_Data section_.
=======

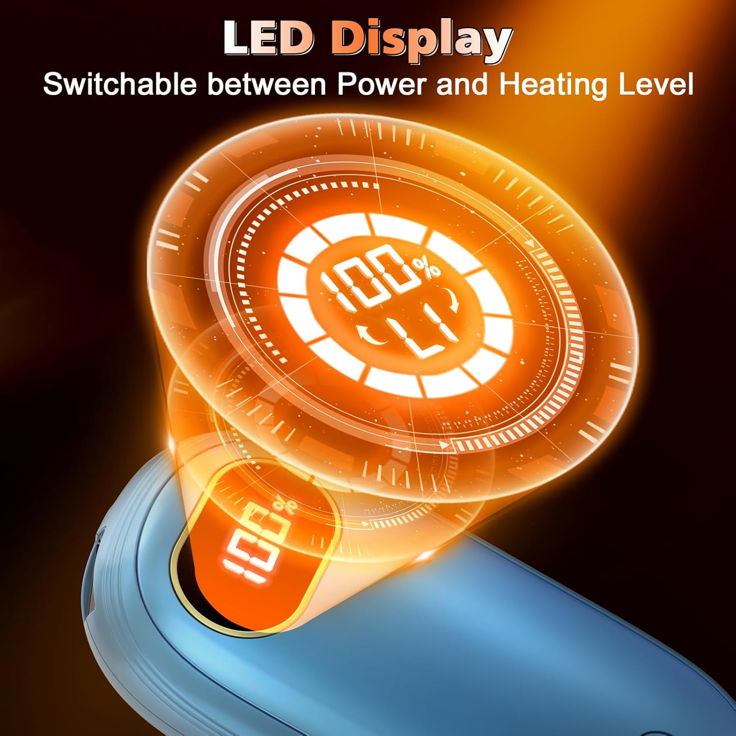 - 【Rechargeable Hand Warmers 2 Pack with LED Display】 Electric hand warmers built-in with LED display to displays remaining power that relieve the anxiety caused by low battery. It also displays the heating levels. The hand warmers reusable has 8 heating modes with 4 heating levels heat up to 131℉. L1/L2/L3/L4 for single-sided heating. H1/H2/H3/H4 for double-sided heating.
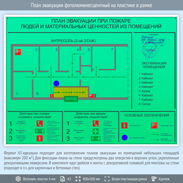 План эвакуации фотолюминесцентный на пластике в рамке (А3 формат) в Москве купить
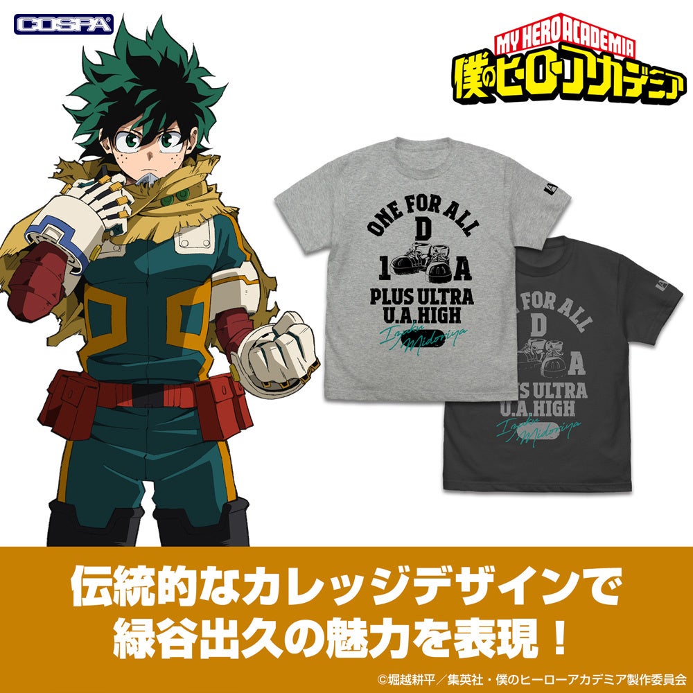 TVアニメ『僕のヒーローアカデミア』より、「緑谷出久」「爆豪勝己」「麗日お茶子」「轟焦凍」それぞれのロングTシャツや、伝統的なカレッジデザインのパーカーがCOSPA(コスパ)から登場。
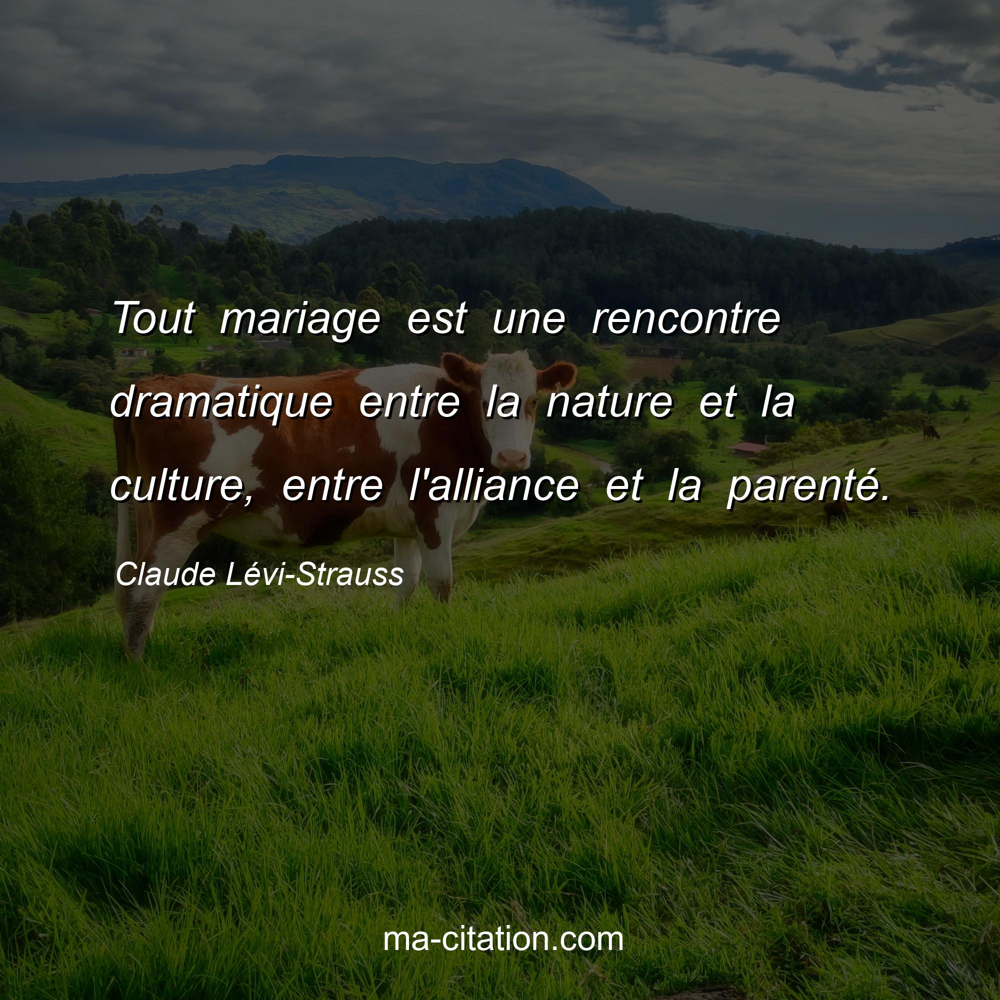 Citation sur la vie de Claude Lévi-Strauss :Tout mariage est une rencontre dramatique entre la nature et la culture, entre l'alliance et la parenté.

=======

_Instructions to follow_. Transcribe the material exactly, keeping every word and none of the pictures.

_Written solution_.
 - 【Rechargeable Hand Warmers 2 Pack with LED Display】 Electric hand warmers built-in with LED display to displays remaining power that relieve the anxiety caused by low battery. It also displays the heating levels. The hand warmers reusable has 8 heating modes with 4 heating levels heat up to 131℉. L1/L2/L3/L4 for single-sided heating. H1/H2/H3/H4 for double-sided heating.
 План эвакуации фотолюминесцентный на пластике в рамке (А3 формат) в Москве купить
 TVアニメ『僕のヒーローアカデミア』より、「緑谷出久」「爆豪勝己」「麗日お茶子」「轟焦凍」それぞれのロングTシャツや、伝統的なカレッジデザインのパーカーがCOSPA(コスパ)から登場。
 Citation sur la vie de Claude Lévi-Strauss :Tout mariage est une rencontre dramatique entre la nature et la culture, entre l'alliance et la parenté.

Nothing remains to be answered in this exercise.